The problem: Give the listing again character for character, but drop the images.
*** Opening of Given information ***
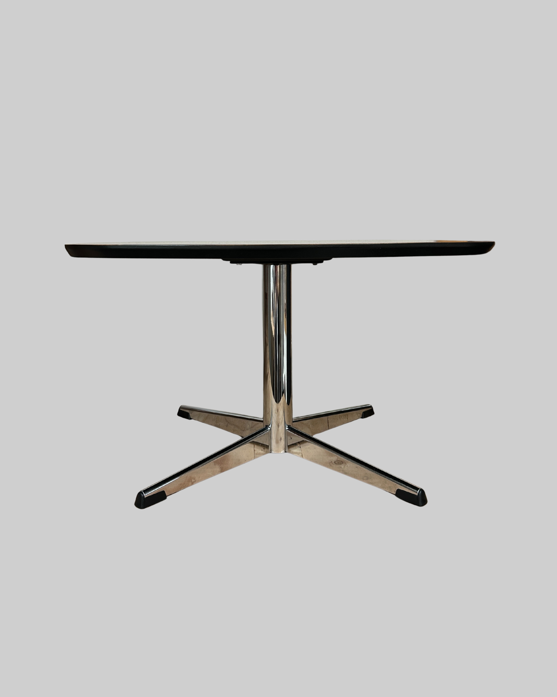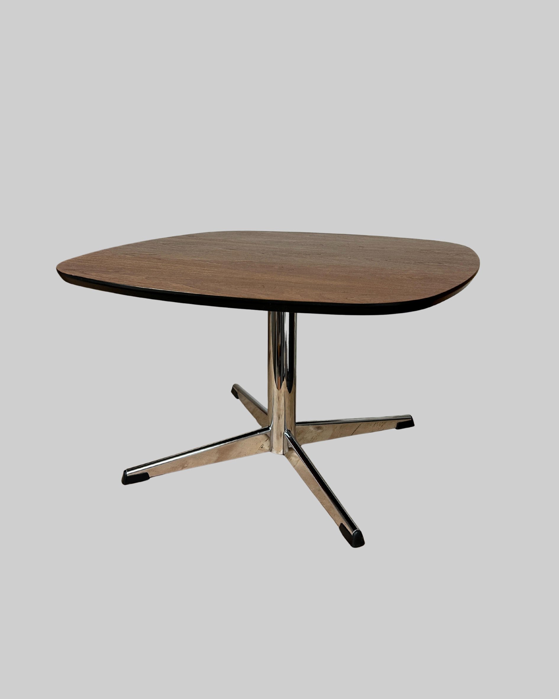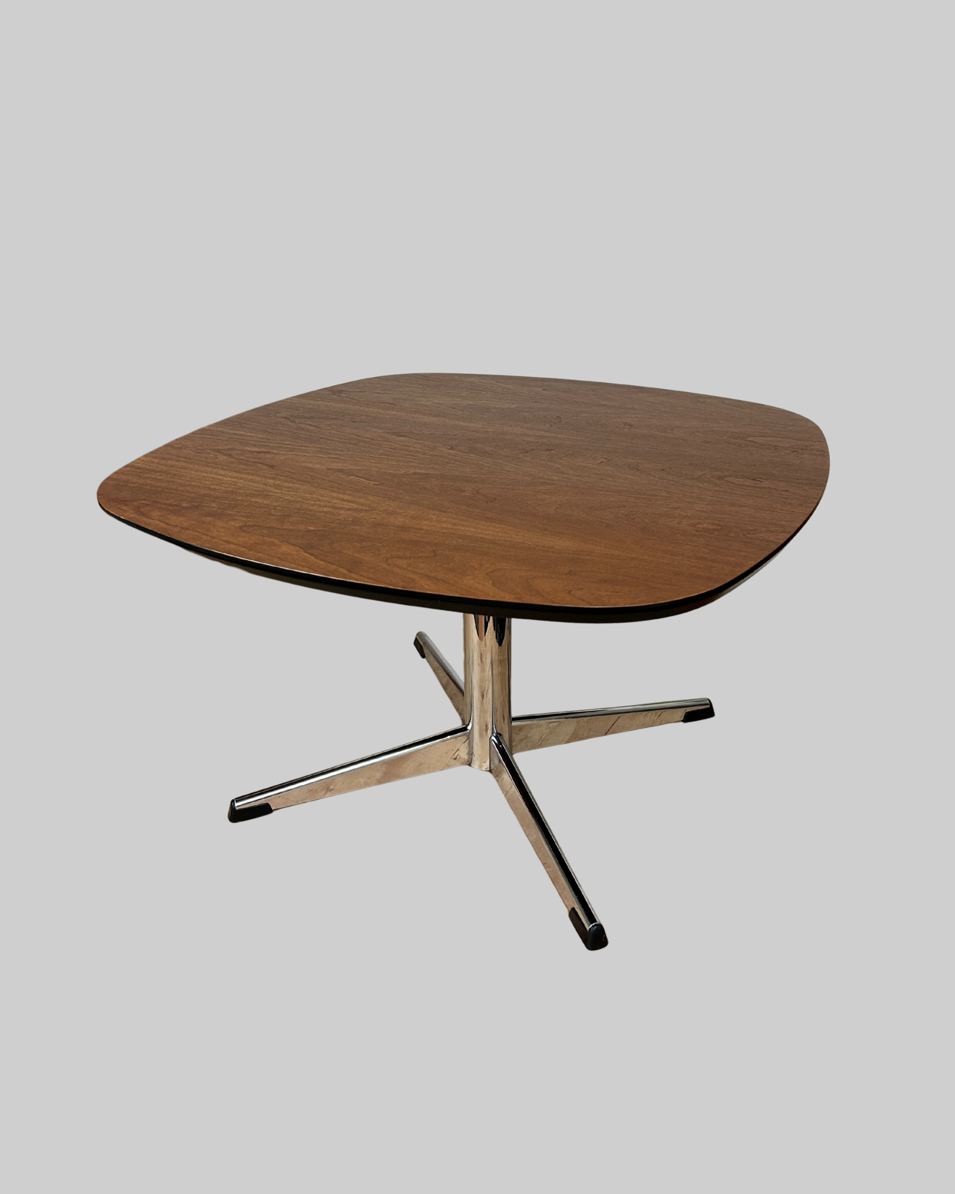 A striking mid-century oval dining table with a refined walnut top resting on a polished chrome pedestal base. The sculptural star-shaped legs give it a confident presence while keeping the silhouette light and airy.
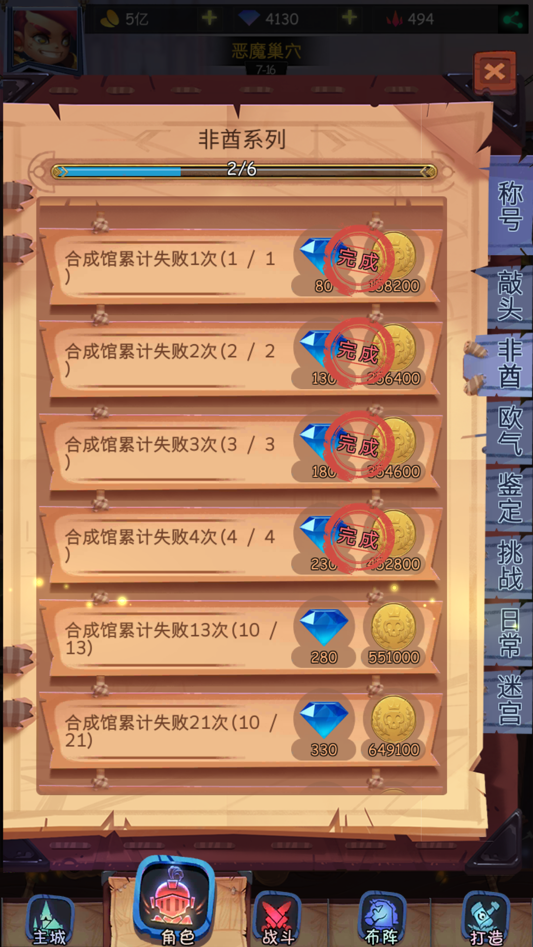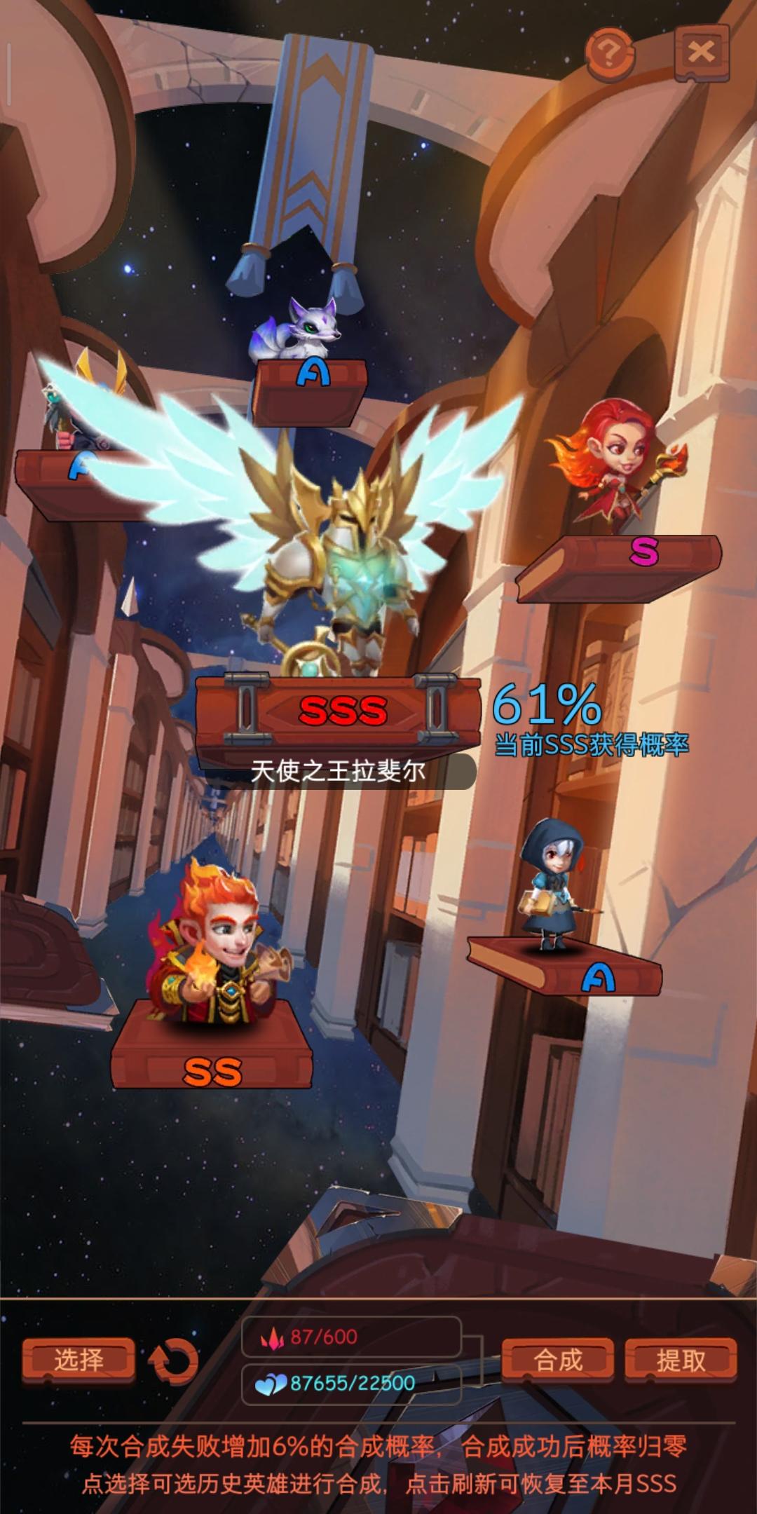 上图说话通过图可以看出,我合成共31次,失败28次。我:??!现有3个合成出来的sss,迷宫两个都是买的。除去第一个保底19出,也就是31-4=27次。最高61,也就是说我27次出了两个sss。除去合成馆躺着的61舔屎王,就有27-10=17次我17次出了两sss。我是怎么坚持玩下来的,我的第二个sss是在88级的时候才出的血喵,不知道还有没有人比我更加不幸运了。
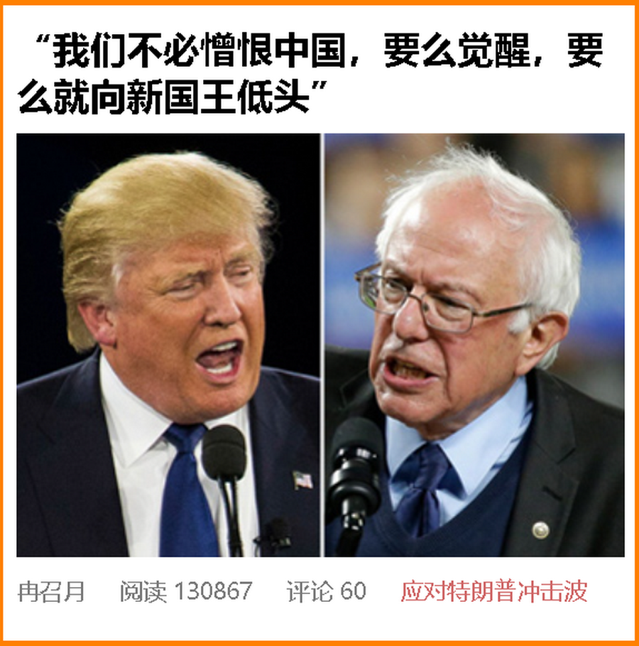伯尼·桑德斯二十年前的預(yù)見成為現(xiàn)實,不能不說美國還是有明白人的,而這個明白人從堅決反對中國到如今承認(rèn)中國再到自我超越理解中美關(guān)系應(yīng)該是相互成就的合作之道,他確實了不起!
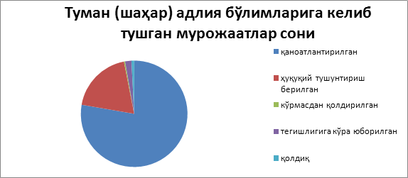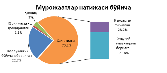 Ҳисобот даврида келиб тушган 1 661 та мурожаатларнинг 1 222 таси ҳал этилган бўлиб, шундан 345 таси ёки 20.8 фоизи қаноатлантирилган, 871 таси ёки 52.4 фоизига ҳуқуқий тушунтириш берилган (мурожаатларни ҳал этишда 161 таси жойига чиқиб ўрганилган бўлса, 146 таси бўйича мутахассис жалб этилган), 6 таси рад этилган, 380 та мурожаат ҳал этиш учун тааллуқлиги бўйича юборилган, 19 таси кўрилмасдан қолдирилган (ёки аноним), 50 таси иш юритувда қолдиқ бўлганлиги сабабли кўриб чиқилмоқда. (ўтган йилдан 10 та мурожаат қолдиқ бўлиб ўтган)
*** Close of Given information ***
The completed task:
 A striking mid-century oval dining table with a refined walnut top resting on a polished chrome pedestal base. The sculptural star-shaped legs give it a confident presence while keeping the silhouette light and airy.
 上图说话通过图可以看出,我合成共31次,失败28次。我:??!现有3个合成出来的sss,迷宫两个都是买的。除去第一个保底19出,也就是31-4=27次。最高61,也就是说我27次出了两个sss。除去合成馆躺着的61舔屎王,就有27-10=17次我17次出了两sss。我是怎么坚持玩下来的,我的第二个sss是在88级的时候才出的血喵,不知道还有没有人比我更加不幸运了。
伯尼·桑德斯二十年前的預(yù)見成為現(xiàn)實,不能不說美國還是有明白人的,而這個明白人從堅決反對中國到如今承認(rèn)中國再到自我超越理解中美關(guān)系應(yīng)該是相互成就的合作之道,他確實了不起!
 Ҳисобот даврида келиб тушган 1 661 та мурожаатларнинг 1 222 таси ҳал этилган бўлиб, шундан 345 таси ёки 20.8 фоизи қаноатлантирилган, 871 таси ёки 52.4 фоизига ҳуқуқий тушунтириш берилган (мурожаатларни ҳал этишда 161 таси жойига чиқиб ўрганилган бўлса, 146 таси бўйича мутахассис жалб этилган), 6 таси рад этилган, 380 та мурожаат ҳал этиш учун тааллуқлиги бўйича юборилган, 19 таси кўрилмасдан қолдирилган (ёки аноним), 50 таси иш юритувда қолдиқ бўлганлиги сабабли кўриб чиқилмоқда. (ўтган йилдан 10 та мурожаат қолдиқ бўлиб ўтган)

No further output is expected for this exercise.